Большинство местных жителей – баротсе; это племя населяет долину Замбези от водопада Виктория до устья Кабомпо. О происхождении баротсе пока нет единого мнения; известно лишь, что они пришли с севера. Есть основания считать баротсе отделившейся ветвью племени бафуто. Это подтверждается и сходством языков, не раз отмеченном многими путешественниками. На протяжении десятков поколений (иначе говоря, сотен лет) баротсе управляются единой королевской династией. Нынешний ее представитель, Леваника, по-прежнему называется королем, являясь на деле лишь куклой в руках английского правительства; он с самого начала даже не пытался оказывать сопротивление экспансии европейцев. Когда белые впервые появились в его стране, Леваника отправил послов к Киаме, королю бечуанов, спрашивая, как ему поступить. Киама ответил: «Посмотри на участь Кетчвайо и Ловенгулы: они начали войну с белыми и были сметены. Я не мешал продвижению белых – и сегодня остаюсь повелителем в своей стране!» Такой совет пришелся по сердцу осторожному Леванике. Он оказал европейцам дружелюбный прием и добровольно объявил себя вассалом английской короны. В результате сговорчивый чернокожий владыка удостоился особой чести: он был официально приглашен в Лондон на торжества по случаю коронации Эдуарда VII.
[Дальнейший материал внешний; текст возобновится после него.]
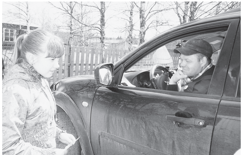
Что значит для вас разумная скорость? - вопрос, который был задан водителям.
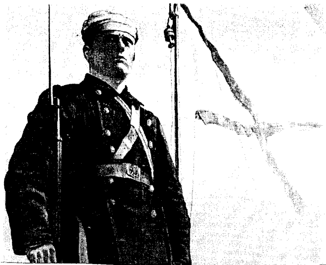
Г.Гурьянов "Балтийский флот"

Подчеркнуто оппозиционная Западу теория Новикова - это националистическое переосмысление истории искусства России и попытка противостоять культурному вторжению западного модернизма. "Я эколог, - говорит он, - для меня очень важно сохранить культуру, находящуюся на грани исчезновения." Новиков полагает, что модернизм - это помрачение ума, искажение, форма, инфантированная, по его мнению, "примитивными, африканскими шаманскими" ценностями. "То, как Запад смотрит на будущее, не представляет для нас абсолютно никакого интереса, - говорит он. - Каким западный человек видит будущее? - дрянные дешевые фильмы. А в сфере искусства - модернизм - пустота, беспорядочность и уродливость." Русский футуризм 10-20-х гг. (единственный период, который на Западе считается действительно ценным) Новиков и его коллеги расценивают как кривую дорожку, модернистское отклонение от истинного пути
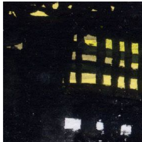
6、建物の灯りは 黒の塗り残しで表現します シルエットで建物の立体感を出すのは難しい

Границы нынешней «империи Баротсе» (ее столица – Лиалуи) не вполне ясны – мнения заинтересованных сторон резко расходятся. Примыкающие королевства – Масхукулумбве и Баловале – когда-то были государствами, частично зависимыми от Леваники, и на этом основании английское правительство пытается расширить границы своего протектората. Я совершенно некомпетентен в территориальных спорах, но могу определенно утверждать, что имя Леваники не имеет особого значения уже у племени вакагонде, а дальше на восток вообще почти неизвестно. Тем не менее, следует признать, что государство баротсе – крупнейшее в западной части Центральной Африки. Но мне почти не доводилось общаться с ними; что же касается представителей других племен, то я буду рассказывать о них в том порядке, в каком встречал их во время путешествий.
В этнографическом отношении народы Северо-Западной Родезии почти не изучены. Со времен Сейлуса[1]1
Знаменитый английский охотник и путешественник.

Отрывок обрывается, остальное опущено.